FisMat2017 - Submission - View

Abstract's title: Magnetic shape memory nano-materials: from thin films to free-standing nano-disks
Submitting author: Franca Albertini
Affiliation: IMEM-CNR
Affiliation Address: Parco Area delle Scienze 37/a 43124 Parma
Country: Italy
Oral presentation/Poster (Author's request): Oral presentation
Other authors and affiliations: Simone Fabbrici (IMEM-CNR, Parma, Italy & Mist ER laboratory, Bologna, Italy), Francesca Casoli (IMEM-CNR, Parma), Marco Campanini (EMPA, Dübendorf, Switzerland), Lucia Nasi (IMEM-CNR, Parma, Italy), Paolo Ranzieri (IMEM-CNR, Parma, Italy), Riccardo Cabassi (IMEM-CNR, Parma, Italy), Cesar Magén (Instituto de Nanociencia de Aragón, Zaragoza , Spain), Federica Celegato (INRIM, Torino, Italy), Gabriele Barrera (INRIM, Torino, Italy), Paola Tiberto (INRIM, Torino, Italy)

Magnetic shape memory materials show remarkable multifunctional properties (e.g. magnetomechanical, magnetocaloric) arising from the presence of a martensitic transformation and magnetic states [1]. Low-dimensional materials, mainly thin films, have recently attracted a great interest for their potential in smart and energy applications (e.g. microactuators, valves, solid-state microrefrigerators) [2]. With respect to bulk materials, thin films offer the possibility to tune properties by exploiting the epitaxial growth on suitable substrates and underlayers [3, 4].

The present talk will be focused on NiMnGa thin films (10- 200 nm) grown on Cr underlayer, and on- substrate and free-standing nanodisks obtained by large-area lithographic techniques.
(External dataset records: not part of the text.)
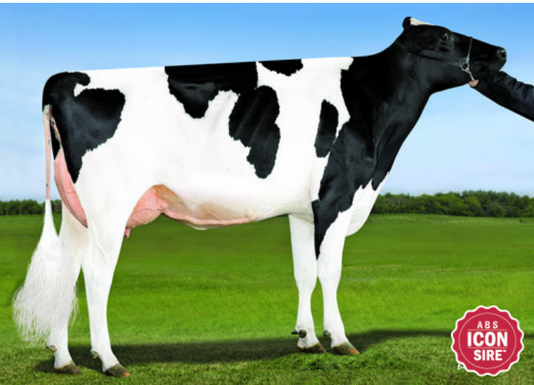
5代前の母: デスー モントロス 4011 ET

父 牛 LA-CA-DE-LE モンタナ ET 母 牛 デノボ ダフィー 3850 ET 2-02 3x288日 M 11,880kg 5.4% F 645kg 3.4% P 402kg 母の父 キングスランソム ダフィー ET 祖母の父 デノボ 15158 アドミラル ET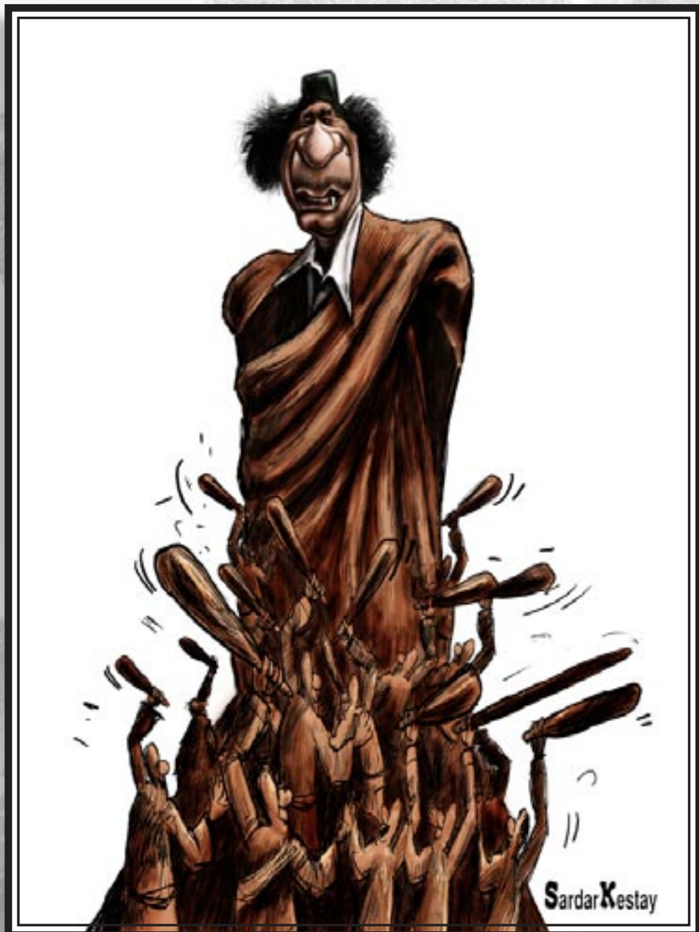
بی توانج کاریکاتیر: سهر دار کیسته یی

www.gep-media.com Email:www.gepgovar@yahoo.com سوبعت تاسهر ئیسقان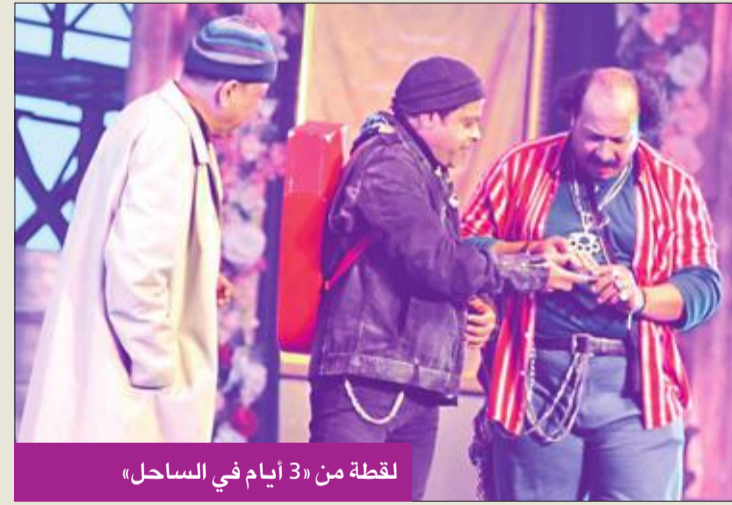
لقطة من «3 أيام في الساحل»

وتأخر عرض «الملك لير» بسبب الاعتذار الكثرية التي شهدتها العرض خلال الفترة الأخيرة، وهو ما أرجا خروجه للنور، علماً بان الحملة الدعائية للعرض انطلقت بالفعل خلال الأيام الماضية، دون تحديد موعد نهائي لأولى الحفلات، فيما لم يستقر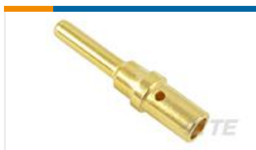
TE 产品编号0460-220-1231 PIN, SOLID, SIZE 12,12-14AWG, AU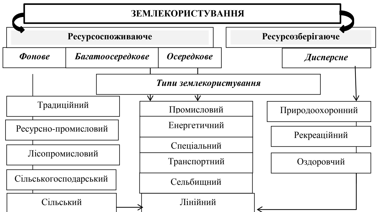
Рисунок 1 – Модель структури землекористування в Україні

Виділяють дві групи природно-ресурсного землекористування: ресурсоспоживаючу (яка змінює) і ресурсозберігаючу (ощадливу) (рис. 1).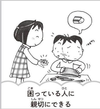
困っている人に 親切にできる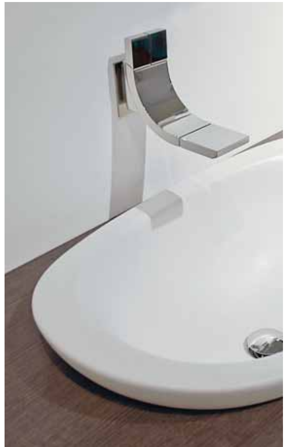
Si art. SI2042U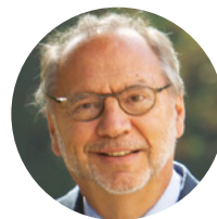
Peter Piot Président honoraire

En tant que représentant de la Fondation au sein du comité de gestion, je suis heureux de participer à la stratégie et de veiller à ce que les dons soient dépensés conformément aux objectifs du Fonds et dans le respect de l'intérêt public.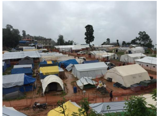
広場にできたテント村

シンドゥパルチョク郡は、カトマンズからバクタプール、バネパを通過してチベットへ向かう幹線道路を經由して途中から山奥へ向かう道沿いにある地域である。山道は舗装されていたが、地震による山崩れが所々あり、また被災地に近づくにつれ、地震の爪痕が多く見受けられるようになってきた。チョウタラの入口は国際支援団体の車5、6台や大型バスで通行できず、私たちは車を降り歩いて町に入った。カトマンズを出て車で約4時間半かかっていた。被災地は雨だった。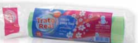
Sacos Lixo Perfumados c/ Fecho Verde Scented Trash Bags with Green Buckle Sacs à Ordures Parfumées avec Vert Boucle Bolsa Basura Perfumada Cierre Verde

50 Lt, 10 un Un. p/Cx: 6x10 Cód.: 5600441668019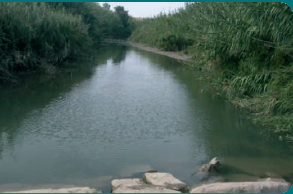
Imatge del riu Túria al terme de Manises.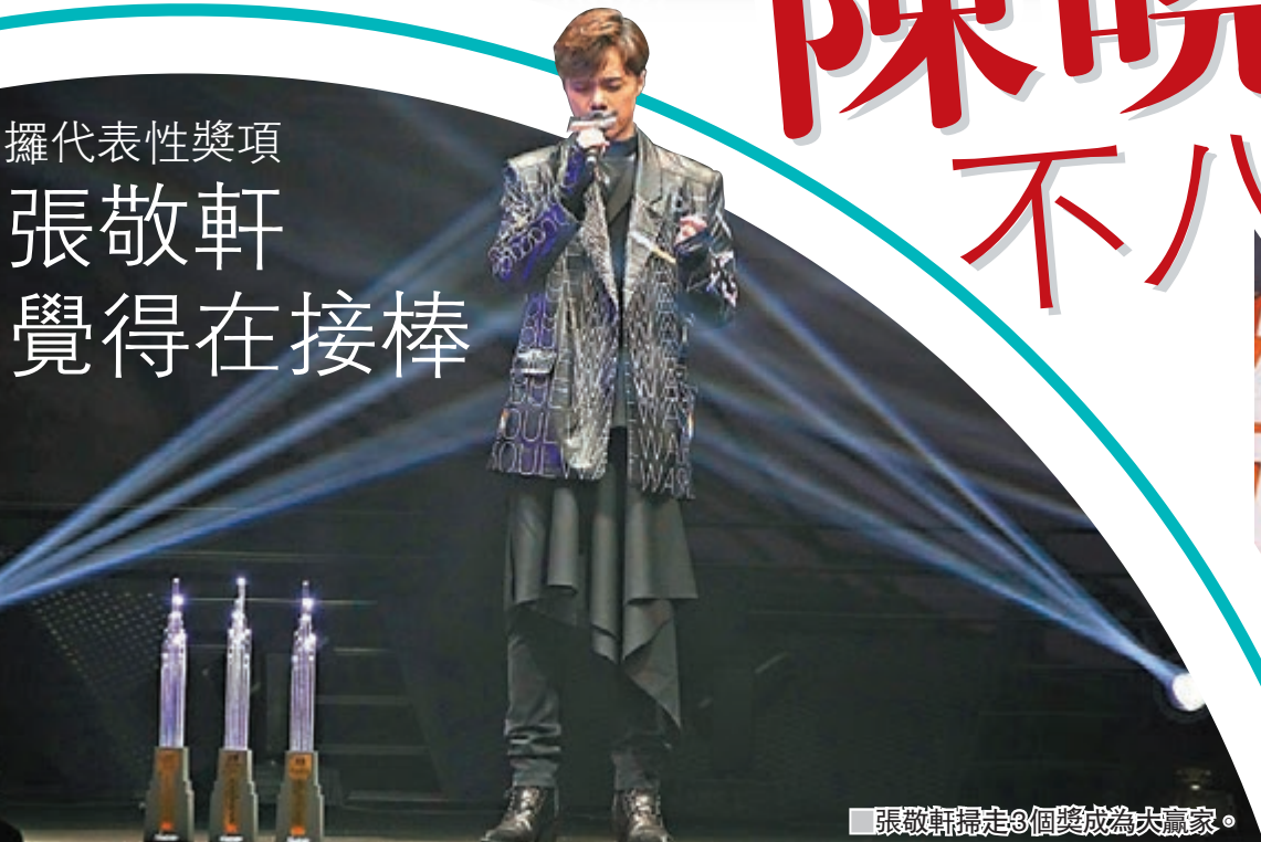
張敬軒掃走3個獎成為大贏家。

張敬軒前晚掃走三個獎成為大贏家，軒仔謙稱是大家「界面」，同時有接棒感覺，因今次取得一些代表性獎項也是他們這代藝人。而軒仔在港台和新城頒獎禮合共奪得6個獎，暫時獨領風騷，他歸功於幕後團隊的功勞，加上今年自己好勤力和幸運。說到他之前和新城合作開音樂會，因而換來多個獎項，軒仔表示：「會有一定友情分，但不一定做完演唱會便多個

A multiscale structural and magnetic study was performed by means of electron microscopy (HREM, STEM-HAADF, electron diffraction, Lorentz microscopy), X-ray diffraction, AFM/MFM, and AGFM and SQUID magnetometry and susceptometry.

We have found that microstructure and the consequent functional properties of thin films can be finely tuned by and an appropriate choice of substrates, thickness and growth parameters, including temperature and stress applied during growth. Laterally confined nanostructures show peculiar microstructural features, but maintain the martensitic and magnetic properties that are the basis of the multifunctional exploitation of thin films. Possible actuation mechanisms obtained by the combined application of temperature and magnetic field in free-standing nanodisks will also be presented.

1.   M. Acet, et al., Handbook of Magnetic Materials (Elsevier),  vol. 19 (2001).

2.   A. Backen et al., Adv. Eng. Mat. 14, 696 (2012).

3.   P. Ranzieri et al., Acta Mater. 61 263 (2013).

4.   P. Ranzieri et al., Adv. Mater. 32 4760 (2015).